Postgresql – Query takes forever with a NOT EXISTS condition

performancepostgresqlpostgresql-performance

I have two queries, one which has a condition that uc_id and ce_id are in tableUCP , and another which only requires rows which doesn't exist in the tableUCP table.

tableA : ~600k rows
tableB : ~600k rows (exactly equal to TableA)
tableCEM: ~380k rows
tableCE: ~500k rows
tableUCP: ~200k rows
tableND: ~600k rows (exactly equal to TableA)

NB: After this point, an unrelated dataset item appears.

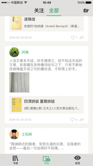 5、如果您在阅读过程中,发现有精彩段落,可以用手机拍照,通过书拍美图进行快速摘抄,同时还可以写下自己当时的感悟或书评,发布到飞芒书房的书拍系统,通过日积月累,您就有了一个数字化的书摘书评资料库,可以把自己的藏书旧典,如水墨,书法,大家名着动态呈现。

1st query: (Runs in ~ 20 seconds) (INSERTs 0 rows)

select count(*)
FROM tableA
    JOIN tableB
        ON tableA.user_id = tableB.user_id 
        AND tableA.module = tableB.module 
    LEFT JOIN (select DISTINCT c_id,module_id from tableCEM where current = TRUE) cem
        ON tableB.module_id = cem.module_id
    LEFT JOIN (select * from tableCE where type = 'module' AND current = TRUE) ce
        ON tableA.module = ce.module 
    JOIN (select * from tableUC where current = TRUE) uc
        ON cem.c_id = uc.c_id
        AND tableB.user_id = uc.user_id 
    JOIN tableND
        ON uc.uc_id= tableND.uc_id
        AND ce.ce_id = tableND.ce_id
    JOIN (SELECT * FROM tableUCP WHERE current = TRUE) ucp
        ON uc.uc_id = ucp.uc_id
        AND ce.ce_id = ucp.ce_id;

2nd query: (Keep running for hours) (Should INSERT ~600k rows)

select count(*)
FROM tableA
    JOIN tableB
        ON tableA.user_id = tableB.user_id 
        AND tableA.module = tableB.module 
    LEFT JOIN (select DISTINCT c_id,module_id from tableCEM where current = TRUE) cem
        ON tableB.module_id = cem.module_id
    LEFT JOIN (select * from tableCE where type = 'module' AND current = TRUE) ce
        ON tableA.module = ce.module 
    JOIN (select * from tableUC where current = TRUE) uc
        ON cem.c_id = uc.c_id
        AND tableB.user_id = uc.user_id 
    JOIN tableND
        ON uc.uc_id = tableND.uc_id
        AND ce.ce_id = tableND.ce_id
    LEFT JOIN (SELECT * FROM tableUCP WHERE current = TRUE) ucp
        ON uc.uc_id = ucp.uc_id
        AND ce.ce_id = ucp.ce_id
    WHERE ucp.uc_id is NULL OR ucp.ce_id is NULL;

The only difference between the two is the last JOIN condition.
Why am I getting so different results for the two queries ?

Query Plans for both the queries

I'm sorry I wouldn't be able to share any sample data, but any help or suggestions would be tremendously helpful.

I have also tried the following:

  1. Using NOT EXISTS for both columns individually.
  2. Using NOT EXISTS for both columns together.
  3. Using IN (tableA EXCEPT tableB).

All three keep running without an end.

Best Answer

The OR condition in your WHERE clause is killing the performance. You only need to NULL-check one of the keys you are joining with, not both.

Also, no need to do a SELECT * FROM tableUCP when just SELECT uc_id, ce_id... would be enough.